Odnosiłam wrażenie, że
sekundy stały się minutami, a minuty godzinami. Chodziłam po pokoju,
wschłuchując się w szum prysznica, a gdy ten w końcu ucichł, zamarłam, panicznie
rozmyślając, co zrobić i gdzie usiąść, żeby Madara nie domyślił się, że
niecierpliwie na niego czekałam. Nie chciałam wpakowywać się do łóżka, więc
ostatecznie usiadłam przy stole i chwyciłam jakieś czasopismo, udając, że
jestem nim zainteresowana. W gruncie rzeczy jedynie pobieżnie oglądałam
zdjęcia, trzęsąc się z nerwów i podekscytowania.
Drzwi wreszcie się
uchyliły, a ja starając się udać jak najbardziej obojętną, przeniosłam wzrok z
gazety na Madarę. Zauważywszy jednak, że chłopak ubrał na siebie jedynie
bokserki, tym samym wystawiając na mój wygłodniały wzrok swój potężny tors,
zamarłam, lustrując go od góry do dołu.
– Baranku?
Szybko się
zreflektowałam i kryjąc zmieszanie, odwróciłam wzrok i założyłam włosy za ucho.
Nieśpiesznie wstałam, odłożywszy wcześniej gazetę, po czym podeszłam do Madary,
z niewinnym uśmiechem przyklejonym do ust. Nie musiałam nawet nic mówić, żeby
chłopak wziął mnie w ramiona. Zaczął mnie delikatnie całować, kciukiem krążąc
po moim policzku, brodzie, szyi, aż w końcu zatrzymał się na skrytym pod
szlafrokiem ramieniu. Osobiście skupiałam się na pocałunku i jego gorących
ustach, dlatego czując, jak materiał zsuwa się z mojego ciała, mocno mną
wstrząsnęło. Po całym ciele przebiegł przyjemny prąd, kończący swą podróż
między nogami. Zawrzałam z emocji. Pod wpływem jego gorących dłoni topiłam się,
pragnąc, by objął mnie całą, na zawsze, do końca życia.
Nagle poczułam jego
dłoń na pośladku. Nie powstrzymałam jęku, a Madara zauważywszy, że mi się to
podoba, podniósł mnie i mocno do siebie przyciągnął. Oplotłam go nogami w
pasie, nie przestając całować. Serce waliło mi jak oszalałe, tłoczyło krew z zawrotną
prędkością, od której niemal mdlałam.

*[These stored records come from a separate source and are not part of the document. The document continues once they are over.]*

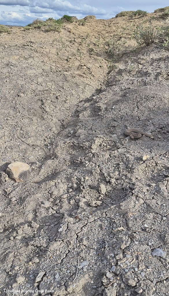 It took a moment for the sound to reach my ears, to reach my brain, for my brain to process it, for me to stop my thoughts-elsewhere forward rush and to look back at the bush (small, a four-wing saltbush, maybe) I’d just passed. Was it entwined around the base? Uh, no. Then I spotted it. (I think I’ve written enough to warn you if you’re at all snake-squeamish??)
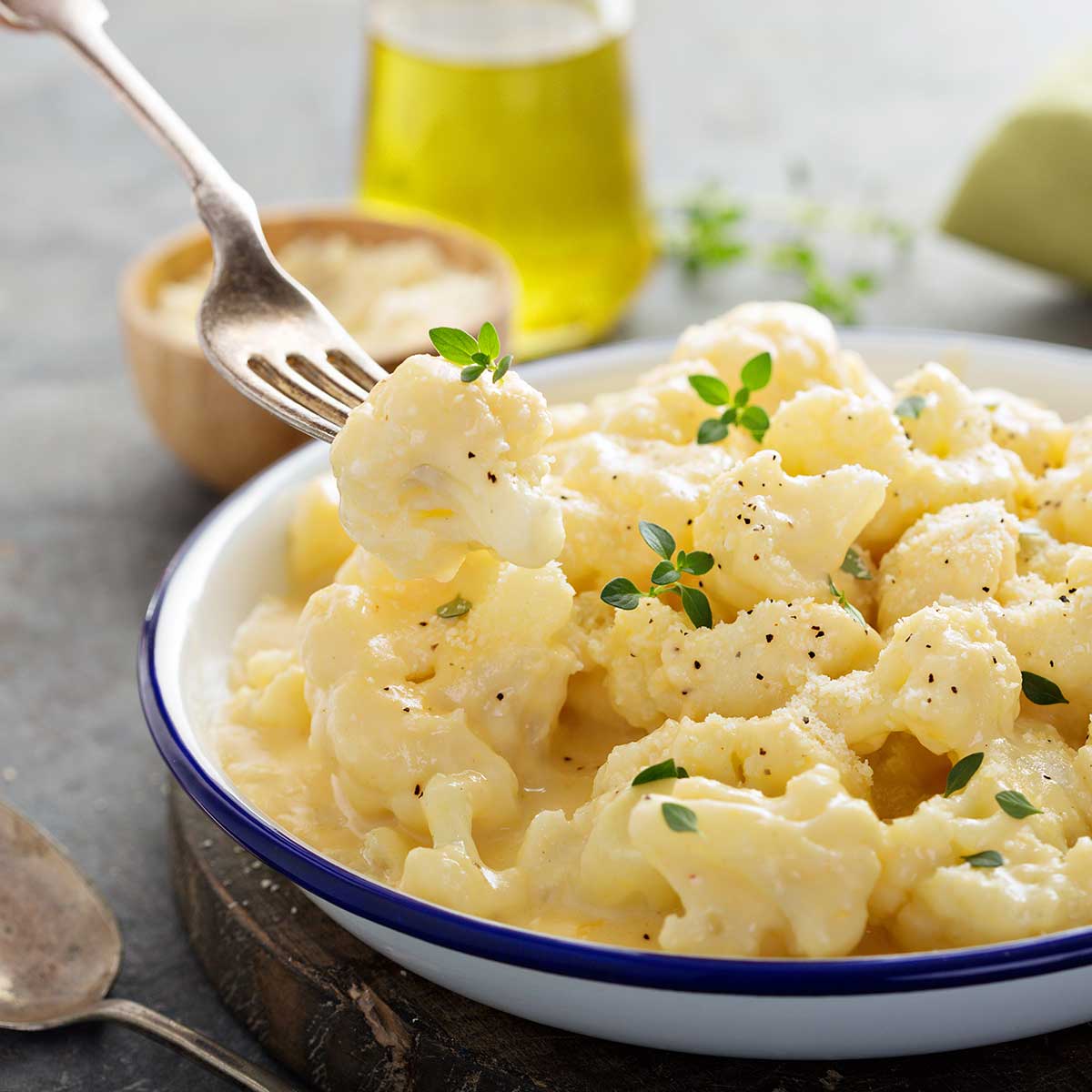 Otra idea en la que un sabor favorito de los peques se utiliza para camuflar las verduras es esta coliflor con salsa de queso. Si a tus peques les gustan los tradicionales macarrones con queso o Mac and Cheese americanos, esta receta seguro que les gusta.
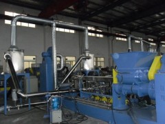 密煉機的團狀料經(jīng)提升機,雙腕喂料機,擠出機,切粒,冷卻,篩分,終端料倉全部自動化,流水作業(yè)。物料密煉后能強制進入單螺桿,螺桿全稱分散,無過分摩擦熱。分散效果優(yōu)異,主機電流小,節(jié)能環(huán)保。此機臺用于PVC,低煙無鹵電纜料,內(nèi)外屏蔽電纜料,氯化聚乙烯,功能母粒,色母粒,熱收縮料,PP+炭黑低煙無鹵系列及各種橡膠母粒的生產(chǎn),包括主機,雙腕強制入料,模面熱切等系統(tǒng)將密煉機撹好的原料經(jīng)雙腕擠入造粒機內(nèi),后經(jīng)單螺桿擠出后切成粒子,此機組操作非常簡單。
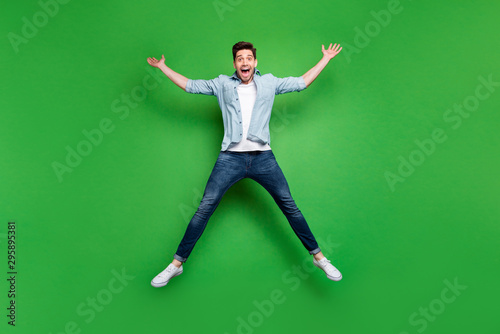 Full size photo of handsome guy jumping high in star shape celebrating sport competition first place winning wear casual denim outfit isolated green color background

Wariowałam pod wpływem dotyku Madary,
jego pocałunków, obecności.
Powoli przeniósł nas
na łóżko. Poczuwszy na sobie jego ciężar, westchnęłam głośno, złakniona
pieszczot. Nie myślałam już o niczym; jedyne, czego teraz pragnęłam , to jego ciała i
miłości. Ofiarował mi to wszystko. Zaczynając od delikatnego dotyku, na
wypełnionych uczuciem pocałunkach kończąc. Naznaczał moje ciało swoją dłonią,
krążąc nią po ramionach, brzuchu, piersiach, udach. Jęczałam, gdy bawił się
sutkami, błagałam go w myślach, by się ze mną kochał, gdy dłonią otaczał
najczulszy punkt mojego ciała. A gdy zanurzył w nim palce, gorące, drżące,
podniecające do granic możliwości, wygięłam się w łuk i jęknęłam głośno,
wbijając mu w plecy paznokcie.
– Madara!
– Kocham cię –
szeptał, całując mnie delikatnie i zmysłowo. – Kocham cię.
– Błagam…
– Kocham – powtórzył,
gdy moim ciałem wstrząsnęły dreszcze ekstazy. Przycisnęłam go mocno do siebie,
zrównując rytm bioder z ruchem jego palców, dysząc głośno, pragnąc go jak
nigdy.
– Kochaj się ze mną –
poprosiłam cicho, wtulona w ciało chłopaka. Cichy pomruk z jego strony dał mi
do zrozumienia, że właśnie to zamierza zrobić. Nim jednak we mnie wszedł,
powtórzył na nowo wszystkie czynności: scałował usta, wypielęgnował dłonią
ciało, rozniecił ogień i złączył nas w jedno. W jeden oddech, jęk, ciało. W
miłość, którą potrafiliśmy zburzyć wszystkie mosty. W całość, która nie może
być rozłączona. Kochał mnie, a ja jego. Kochaliśmy się namiętnie, fizycznie,
psychicznie i w każdy możliwy sposób. Tak, jakby świat miał się skończyć. Jakby
jutra miało nie być. Jakbyśmy istnieli tylko my.
*
Wyjechaliśmy
następnego dnia po południu. Poleniuchowaliśmy w łóżku do dwunastej, pieszcząc
się nawzajem i wygłupiając. W końcu jednak uznaliśmy, że pora wracać i szybko
się zebraliśmy, żeby wyjechać z motelu przed czternastą.
Wracaliśmy do miasta w
akompaniamencie naszych głośnych śpiewów i improwizacji piosenek. Mieliśmy tak
dobre humory, że w pewnym momencie Madara zatrzymał się w lesie na jednym z
przystanków, siłą wyciągnął z samochodu i porwał do tańca. Śmiałam się do
rozpuku, nie mogąc skupić na żadnych krokach ani wsłuchać w słowa piosenki.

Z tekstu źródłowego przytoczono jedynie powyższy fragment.